Building networks to tell our own stories

The best remedy to black filmmakers' solitude is to build spaces and networks where black storytelling is given a platform to collectively elevate our specific community's voices. But, as Bailey illuminates, this can also be a double-edged sword:

“Filmmakers would sometimes say, I'm so thrilled to be here. I'm meeting filmmakers and audiences I wouldn't otherwise. I feel like I'm part of a community; and other filmmakers would say, I don't want to be with other filmmakers of African descent. I just want to be a filmmaker. And, you know, that's how I see myself kind of free of all of that.” 

But as African-American filmmaker Tommy Oliver said: “I'm black before I'm a filmmaker.” While he understands both sides of the argument and that it's important to have films judged on their own merits, Oliver believes that black filmmakers still hold the responsibility to tell authentic stories about the black experience.

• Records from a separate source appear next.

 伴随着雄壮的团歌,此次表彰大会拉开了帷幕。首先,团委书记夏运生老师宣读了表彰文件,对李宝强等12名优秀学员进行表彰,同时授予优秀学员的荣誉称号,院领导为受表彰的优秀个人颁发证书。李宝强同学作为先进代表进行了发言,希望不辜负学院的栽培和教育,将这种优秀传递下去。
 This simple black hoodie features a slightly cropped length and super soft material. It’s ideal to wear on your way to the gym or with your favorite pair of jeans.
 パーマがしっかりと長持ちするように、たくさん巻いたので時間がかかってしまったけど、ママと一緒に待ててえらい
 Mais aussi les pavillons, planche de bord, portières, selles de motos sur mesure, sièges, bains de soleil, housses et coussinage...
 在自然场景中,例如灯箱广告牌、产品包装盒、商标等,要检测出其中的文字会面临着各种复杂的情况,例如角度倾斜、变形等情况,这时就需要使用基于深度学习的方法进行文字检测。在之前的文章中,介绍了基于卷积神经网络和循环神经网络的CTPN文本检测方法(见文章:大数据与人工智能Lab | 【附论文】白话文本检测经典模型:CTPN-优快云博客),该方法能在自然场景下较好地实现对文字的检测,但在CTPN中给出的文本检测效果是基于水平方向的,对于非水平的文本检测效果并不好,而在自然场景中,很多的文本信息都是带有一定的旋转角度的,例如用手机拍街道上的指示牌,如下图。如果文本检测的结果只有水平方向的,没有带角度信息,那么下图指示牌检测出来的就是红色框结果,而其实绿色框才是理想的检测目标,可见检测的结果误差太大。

“We are still conceptualizing things [within the context] that, for the longest time, the only people who were telling our stories were other people — which is a problem. And so we are finally getting to the place where we have ownership, and we're telling our stories, and I think a place to celebrate that [is needed],” as Oliver added.

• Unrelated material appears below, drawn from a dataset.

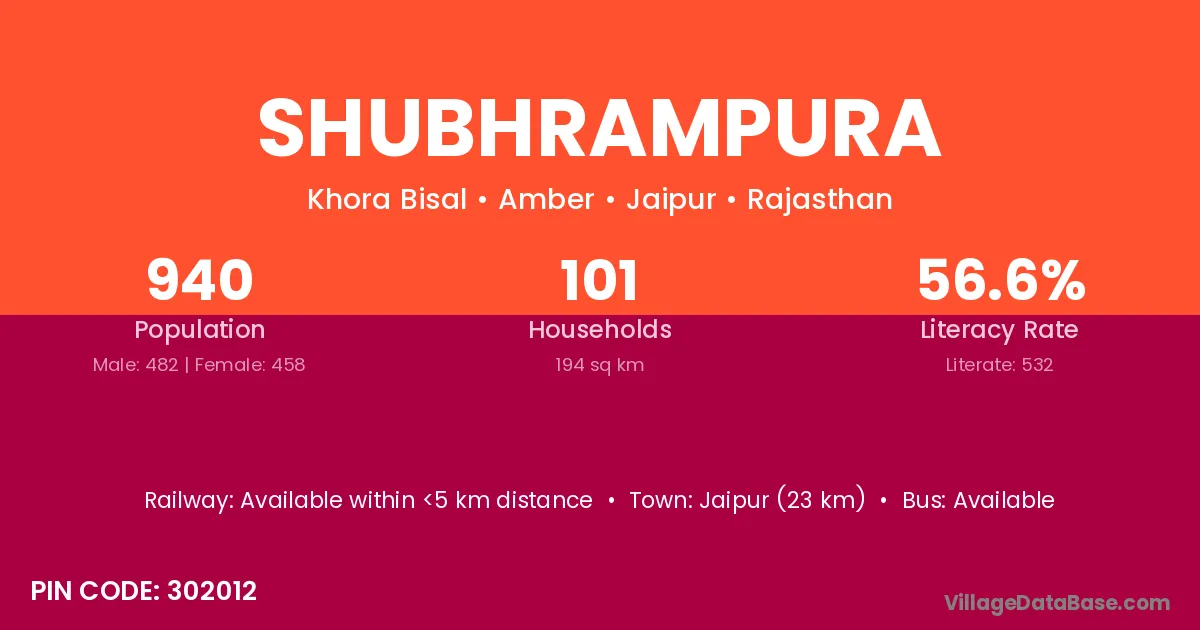 Jaipur (23 km) is the nearest town to Shubhrampura village for major economic activities and is located approximately 23 km away.

Toronto-based filmmaker Charles Officer also pointed out that TIFF's Planet Africa is where he met Saul Williams, the star of his current film — Akilla's Escape. “I, too, understand the conversation [and the fact that] we just want to be seen as filmmakers. But, you know, we celebrate German cinema and German filmmakers. We celebrate French filmmakers,” said Officer. “I'm proud to be a part of Planet Africa.I hope [it] continues. It has been instrumental in my film education.”

Advocating for black stories in the age of streaming

In recent years, with the advent of streaming platforms, we've seen the rise of popular black-themes storytelling in mainstream pop culture in both film and television. Examples are the work of Issa Rae in the US or Michaela Coel in the UK, and other creative projects like Beyoncé's Black is King. All of these big pop cultural moments really centre around black identity. There's also now a dedicated Nigerian original series side of Netflix, known as Netflix Naija.

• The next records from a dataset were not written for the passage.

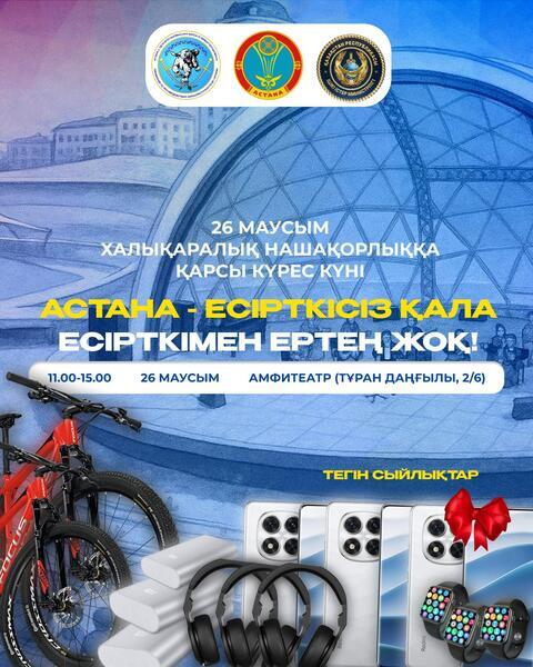 В столичном амфитеатре на набережной реки Есиль 26 июня состоится масштабное антинаркотическое мероприятие «С наркотиками – нет будущему!», сообщает официальный сайт акимата Астаны.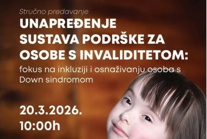 Stručno predavanje pod nazivom “Unaprjeđenje sistema podrške za osobe s invaliditetom: fokus na inkluziji i osnaživanju osoba s Down sindromom”, kojem je cilj jačanje inkluzivnog društva i unaprjeđenje sistema podrške osobama s invaliditetom, održat će se u petak, 20. marta, u Mostaru.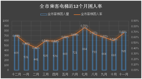 注:全市客梯困人率=每月客梯困人次数÷当月全市在用客梯总数×100%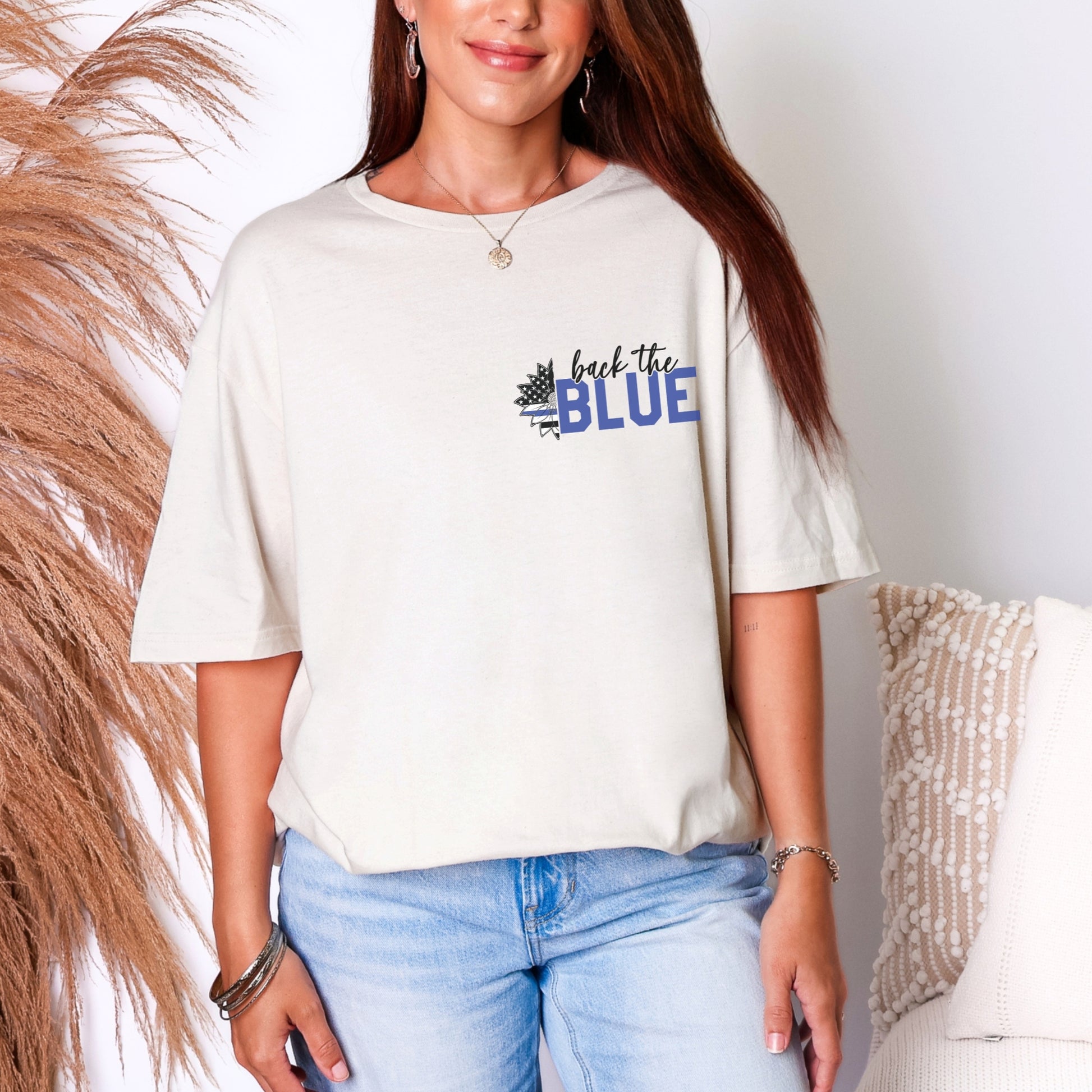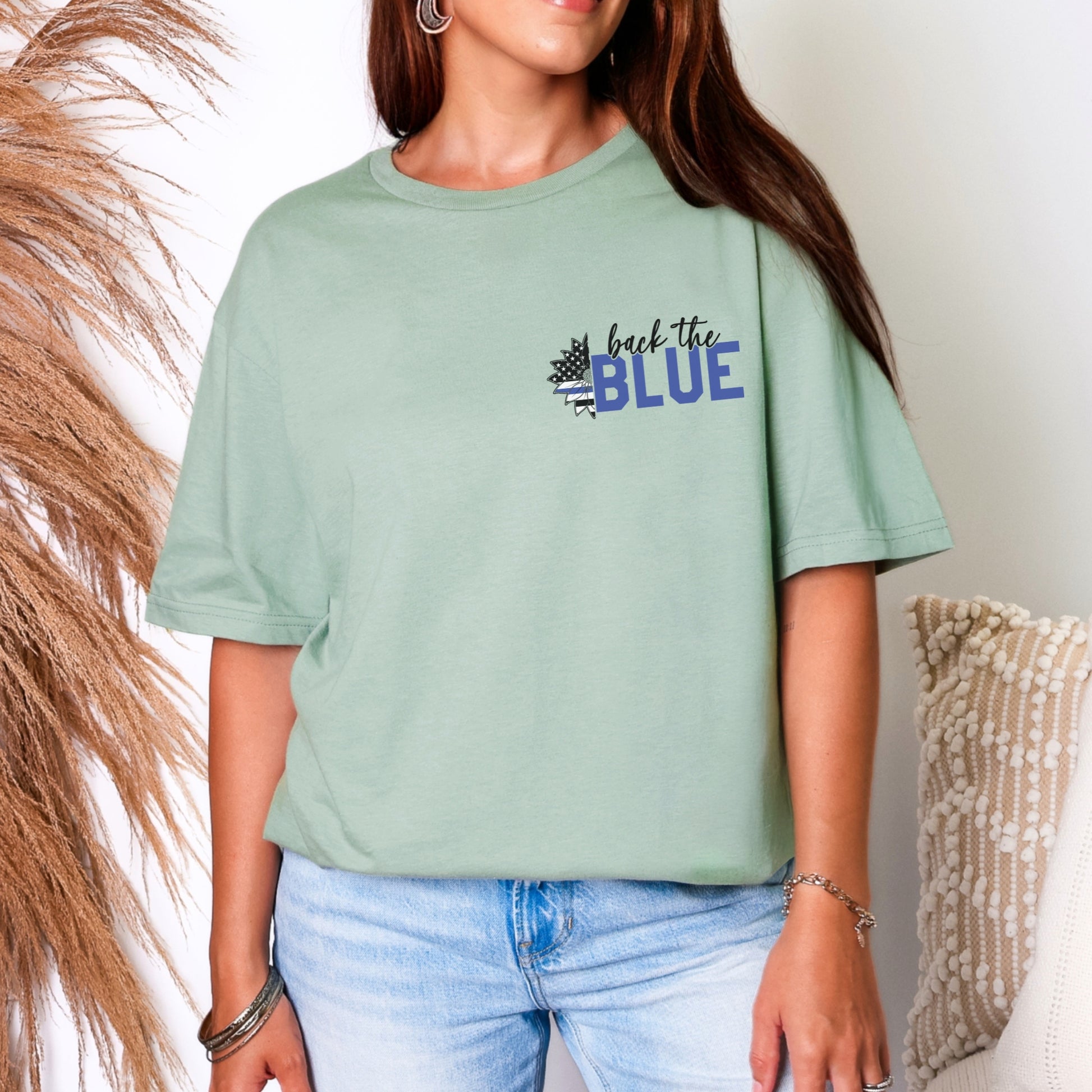 The front features a small “Back the Blue” design over the left chest — clean and confident — while the full back design showcases the striking sunflower with a patriotic flair. Together, they create a look that’s equal parts supportive statement and timeless everyday wear.

This myriad of series and movies have risen up because people have found them online or on streaming platforms — rather than in traditional theatres where the doors are still too often closed.

The Planet Africa 25 filmmakers argue that we need people like us on the screen and the editing room to be able to advocate for the value of content that “doesn't fit,” and that's a little bit different. “It's not the thing that you said yes to for the last forty years, but it's great. And here's why,” as Oliver delineates.

There's a multi-layered system of gatekeepers of quality. But there's a blatant lack of diversity in the people reviewing programs. “The system is doing exactly what it was designed to do. It's not broken.”

“You can continue to chase the club that doesn't always recognize you, or you can look for other indicia of success,” as Dawn Porter added. She tries to do a combination of both things. “Awards are great, and we need them. They're part of our ecosystem. But it's not the only thing.”

We need people to advocate for more diverse stories. “If you're not in the room, then there's no Planet Africa,” as Tommy Oliver told Cameron Bailey.